{ :::::::::::::::::::::::::: Anto Lloveras: The Hidden Economy of Ideas

Monday, May 4, 2026

The Hidden Economy of Ideas

 

You might think a word becomes valuable because its inventor is famous, because it sounds clever, or because it appears in a thick book with a serious cover. You would be wrong. A word has exactly as much value as other people give it by using it. This is not merely a metaphor; it is the hard logic of intellectual life. Consider a brand-new coin, freshly minted, shiny and perfect. Until someone accepts it as payment for bread, labour, or debt, that coin is just a beautiful metal disc. The same applies to theoretical terms. You can coin a word this afternoon. Congratulations. But if nobody repeats it, teaches it, translates it, argues with it, or uses it to solve a problem, your term remains a coin no shop will take. Value is not in the stamping. It is in the circulation. So why do some words become unavoidable — paradigm, habitus, discourse, performativity — while thousands vanish without trace? The answer leads to a strange form of wealth: symbolic capital. Pierre Bourdieu used this term to describe the prestige, authority and recognition that circulate inside social and intellectual fields. In a lecture hall, some people speak and everyone listens; others speak and the room keeps rustling. The difference is not always talent, and not always truth. It is accumulated credit: citations, students, institutions, controversies, translations, reputational force. Symbolic capital is like frequent-flyer miles for ideas. The more your terms are borrowed, applied, disputed and repeated, the more value they acquire. Even enemies add capital when they attack you, because an angry rebuttal still admits that your word matters. In that sense, even your haters are your bankers.
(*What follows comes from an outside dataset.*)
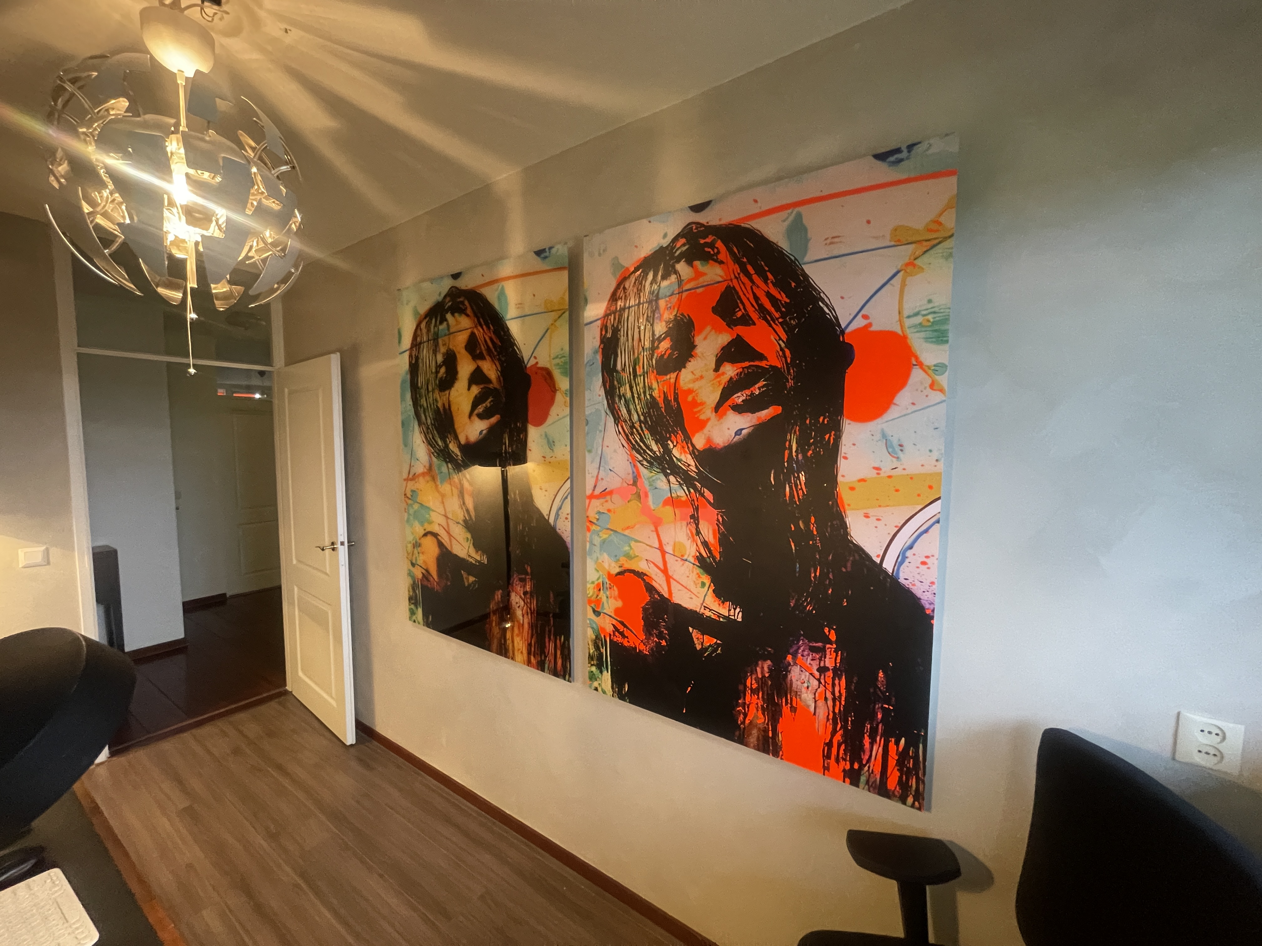 Faith decided to do up her office so we rented a van and drove out to pick up a desk from someone on Marketplace. When we got there he had three pieces of art he had apparently bought for $1400 each, along with certs of authenticity. They were digital prints on steel/glass - we know nothing about art but we really liked them. He did us a deal of $500 for all three.

The banking metaphor is useful because intellectual life is transactional. You deposit a term by publishing it. That is the minting. But the term earns interest only when others withdraw it: cite it, teach it, translate it, misuse it, adapt it, stretch it toward a problem you never imagined. Every citation is a transaction. Every translation is a currency exchange. Every hostile footnote is still a withdrawal from your account. Foucault did not hoard power; he scattered it through prisons, clinics, sexuality, archives and government. Butler’s performativity was not locked inside one definition; it travelled because it could be tested in law, gender, theatre, speech, identity and everyday repetition. A term guarded too tightly dies of loneliness. A term released generously may become a language. Most terms fail, and that is fine. Intellectual life is partly a lottery. You coin ten words and perhaps one becomes useful. The rest remain in the archive: not morally failed, simply unused. A word that nobody borrows is like a tool that never leaves the box. It has potential, but potential is not value. Value appears only in use. This is why one should not fall too deeply in love with one’s own shiny coins. The best thinkers do not only invent; they borrow, bend, translate and spend inherited terms with intelligence. They build symbolic capital by showing that they know how to use language already in circulation.

You can see the same economy in ordinary speech. Why does a word like vibe have value? Because millions use it, alter it, pass it on. No academy made it powerful. It gained gravity through circulation. The same happened to paradigm. Kuhn gave it a precise role in the philosophy of science; scientists borrowed it, journalists amplified it, business consultants flattened it, and now a manager can announce a “paradigm shift” in office policy. Kuhn no longer controls the word. That is the highest return on a lexical deposit: when the term escapes its author and becomes common property. So, does a word have value? Only if it moves. Only if someone picks it up and passes it along. Only if it enters a footnote, a lecture, a disagreement, a student essay, a grant proposal, a public argument, a private revelation. Value is not in the dictionary. It is not in cleverness. It is in the moment when a reader thinks: “Yes, that. That is the word I needed.” That is symbolic capital. That is lexical gravity. That is how language becomes infrastructure.